The first iteration will be based around a ‘frame compatible’ technique, where the left and right eye views are transmitted so that an existing set-top box receives them as though they are a single 2D frame. A 3D-capable TV will then bring together the side-by-side or top-and-bottom elements.
David Wood, chairman of DVB-3DTV’s commercial module, said that the signals need to be receivable by today’s installed base of digital STBs to kick start the market. Viewers will already be expected to buy new TVs to watch any transmissions.

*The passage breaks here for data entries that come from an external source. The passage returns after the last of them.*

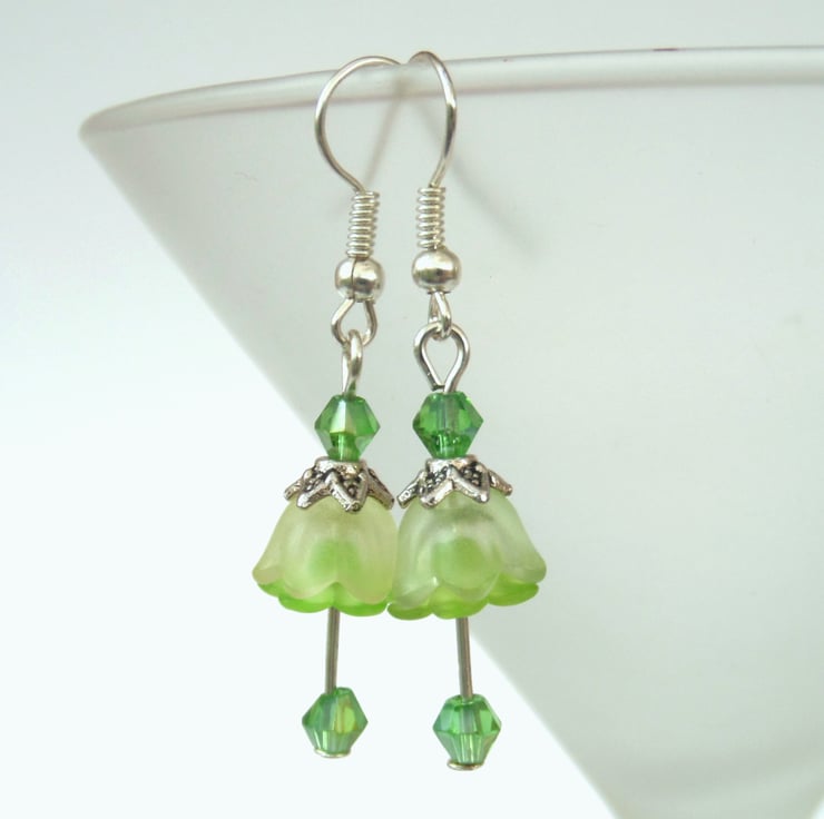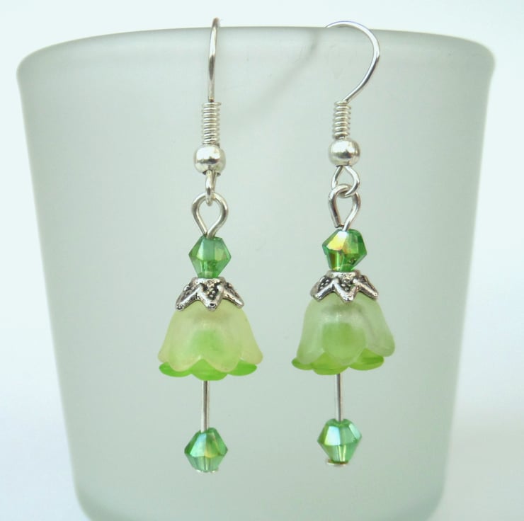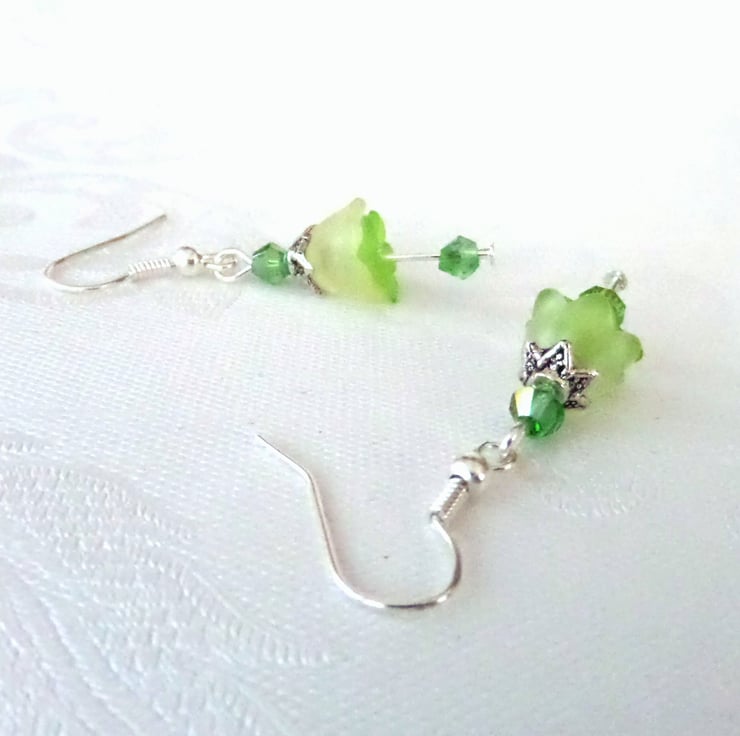 The earrings hang from silver plated earwires and have a drop of approximately 2.5 cms / 1 inch when measured from the base of the earwire.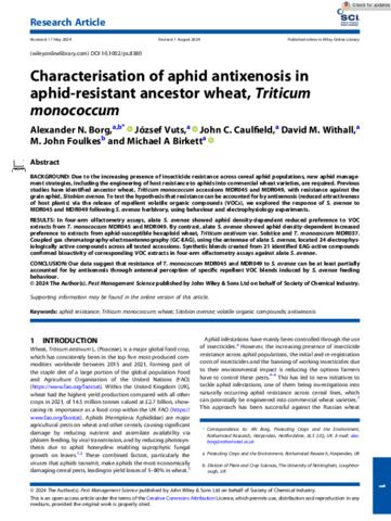Characterisation of aphid antixenosis in aphid-resistant ancestor wheat, Triticum monococcum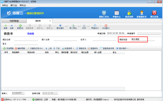 調撥單主要用于庫存商品在各倉庫之間的調貨。調撥分為同價調撥和變價調撥兩種,其中同價調撥方式,商品的成本價以調出倉庫的成本價為準;變價調撥(或稱“異價調撥”),商品的成本價可進行修改,一般用于分攤運費/裝卸費等運輸費用?偛康介T店的調撥一般采用變價調撥。 對于存在多個倉庫的企業來說,對不同倉庫的商品直接進行調撥,是一種很常見的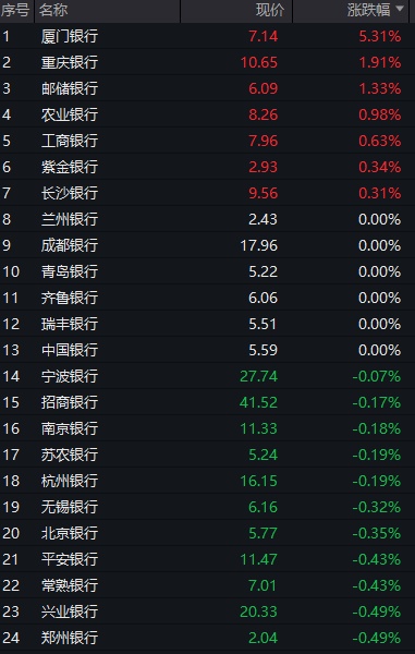 銀行股走勢分化,農業銀行漲超 1% 再創歷史新高,總市值逼近 3 萬億大關;郵儲銀行、工商銀行跟漲,浦發銀行跳水跌超 4%。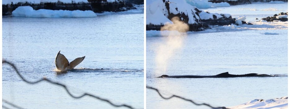 Украинские полярники засняли редкое зрелище — на станцию приплыли киты (фото)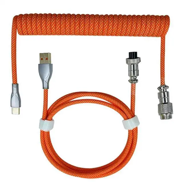 USB to USB data cable mechanical keyboard reel aviation cable game keyboard cable spring cable purple
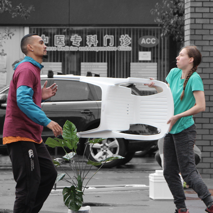 Extra Ordinary Folk was a choreographic response to a deconstruction of social dynamics, using the definitions derived by Pierre Bourdieu throughout his career. A ‘habitus’ was individually interpreted by each performer, bringing together ‘social fields’ of practice or play, and relational ‘capital’, which may be economic, cultural, social or symbolic (Bourdieu, 1989). The public, who were simultaneously passing through the performers' social field, could be said to embody their own habitus. This was acknowledged by the performers through playful and affecting exchanges. External elements such as the architecture and the weather, were also acknowledged through the use of the objects, constantly disrupting and re-negotiating the space. Public space in this case, was a location for private expression, creating collective social dynamics.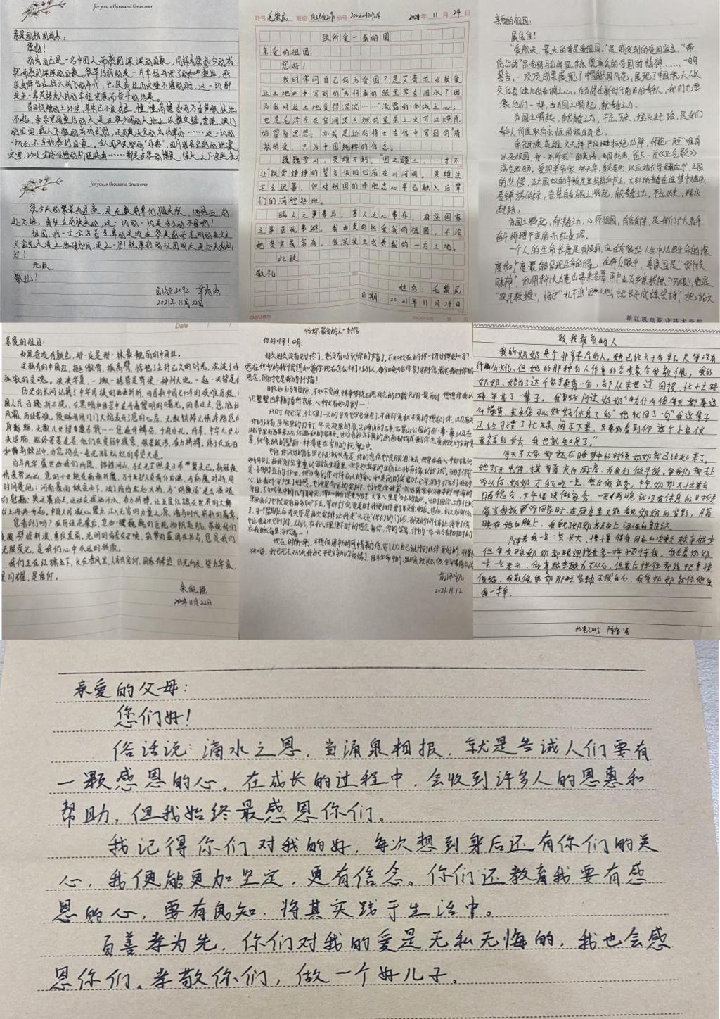 “从前的日子变得慢,车,马,邮件都慢……”而在这个网络遍布、即时可通讯的时代里,有多久,你没有提起手中的笔,给爱你的或你爱的人,写一封书信了?为此自动化学院学院举办了家风主题活动——《写一份信给你爱的人》。以纸笔为媒,以书信为介,同学们参与的《写一份信给你爱的人》这个活动不只局限于传统意义上的家信,这其中既有同学们对祖国母亲的崇高致敬,也有对家人的真情流露;既有普通家庭父母、儿女之间的心灵碰撞,也有同学们对其启蒙老师的感恩之情。每一位同学,都在用心书写着一封封属于自己的家书故事。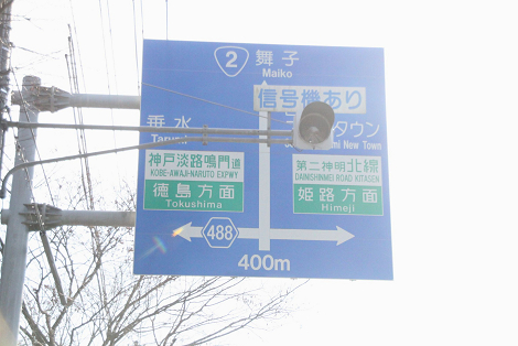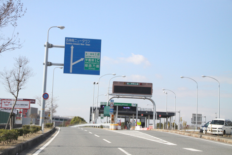 学園都市駅、芸工大前を通過、国道2号淡路方面へ。
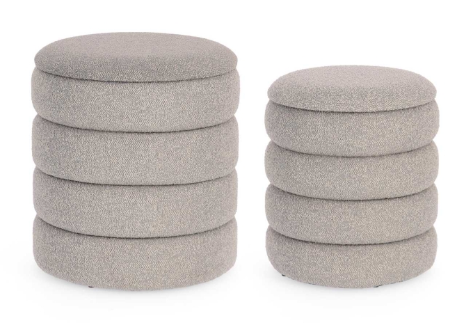 Bizzotto - Pouf Katerina 2er-Set aus Boucle-Stoff Hellgrau

The standard will therefore initially have several ‘flavors’ to ensure box compatibility, with equipment running at 50 or 60Hz, for transmissions in 720p or 1080i resolutions and according to various other parameters.

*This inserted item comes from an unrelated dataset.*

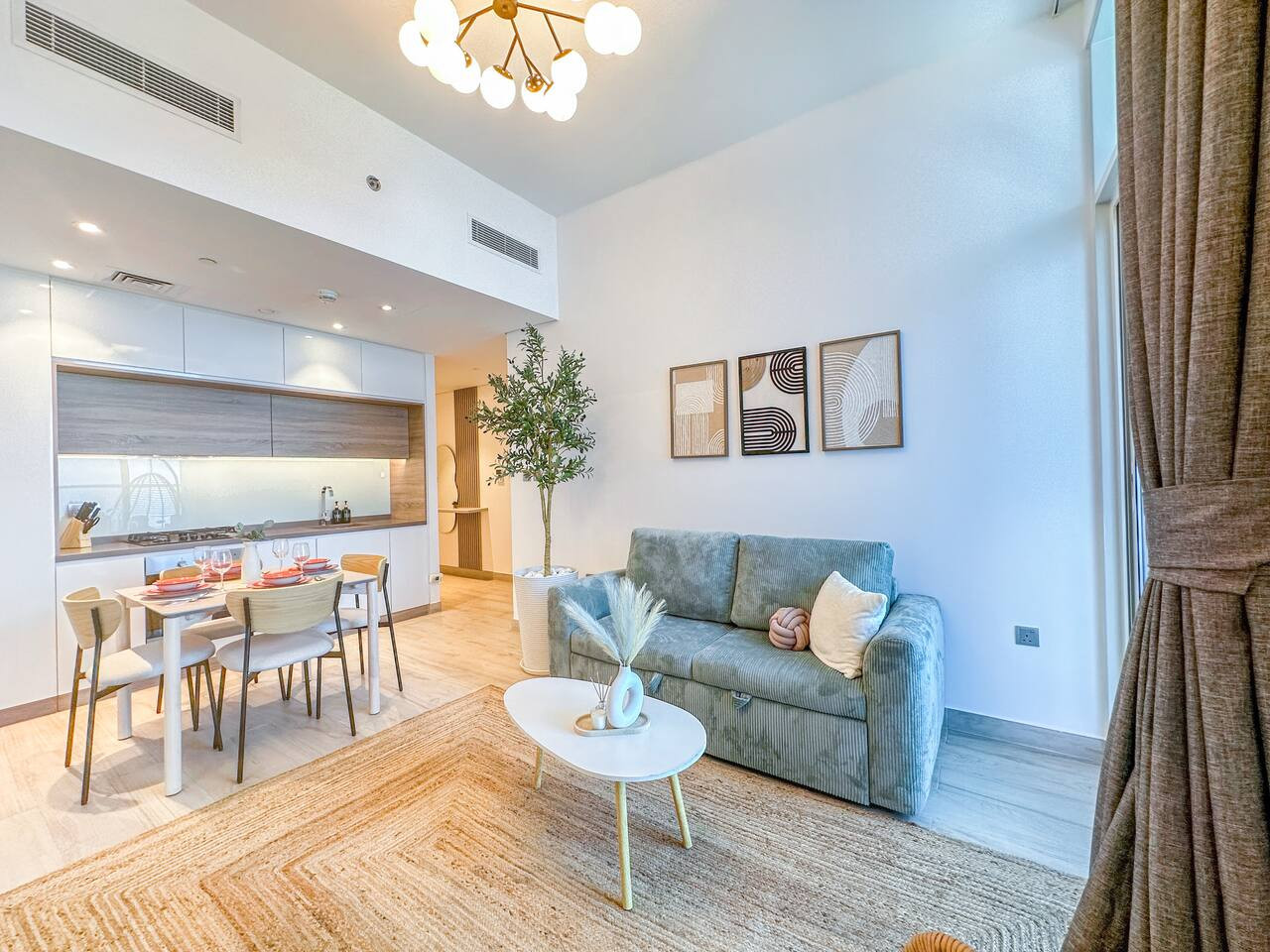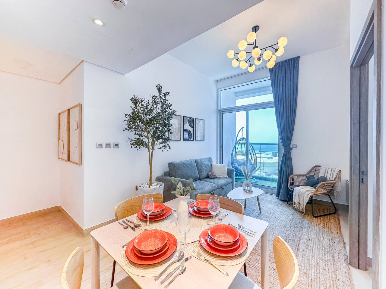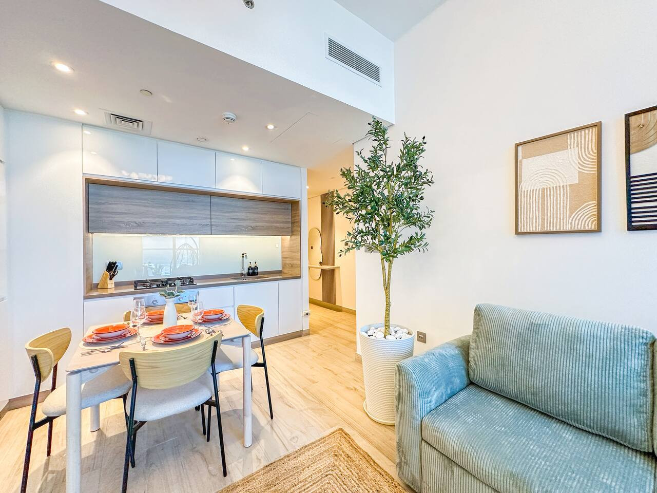 Sumérgete en un ambiente sofisticado y cómodo desde el primer momento. La espaciosa sala de estar se conecta con un balcón que ofrece vistas panorámicas al canal, creando el lugar perfecto para descansar tras un día descubriendo Dubai Marina.

“What we want to avoid is the crazy situation you had after CES [January’s Consumer Electronics Show] where one company started 3D broadcasts that could only be seen on one manufacturer’s products,” Wood added.
He also noted that the first 3D standards will have ‘placeholders’ to leave scope for emerging 3D technologies, particularly any that eliminate the need for glasses, and remarked that some launches have been accompanied by health warnings because of concerns over the amount of time anyone should spending watching artificially constructed 3D images.
Despite the current hype, most TV companies are prepared to wait on more mature technologies and only three (the UK’s BSkyB, Japan’s NHK and the US sports network ESPN) are seen as likely to announce pathfinder 3D launches to-the-home in the short-to-medium term.
Andy Quested, head of technology for BBC HD, said that 3D was not yet a justifiable investment for the British broadcaster given its public service remit and that most large broadcasters remain focused on transitioning as much as viable in existing schedules to high definition.
Caution on 3D extends to the co-production market, where several companies report difficulties in assembling the kind of partnerships that helped to seed HD production in its early days. Public service broadcasters, in particular, are struggling under various forms of government-imposed cuts as the global recession has led to austerity budgeting.
Elsewhere at IBC, 3D players such as Bill Collis, CEO of post-production software developer The Foundry, said that the market is still being driven by the demands of Hollywood features, with gaming as potentially the next major growth sector.
Collis said he thought that TV was not likely to be a major market for 3D technology for “a little while yet”. He added that by playing wait and see, broadcasters and even gaming companies will ultimately benefit from Hollywood’s R&D, although product prices are already coming down to a ‘manageable’ level, particularly in terms of software licenses.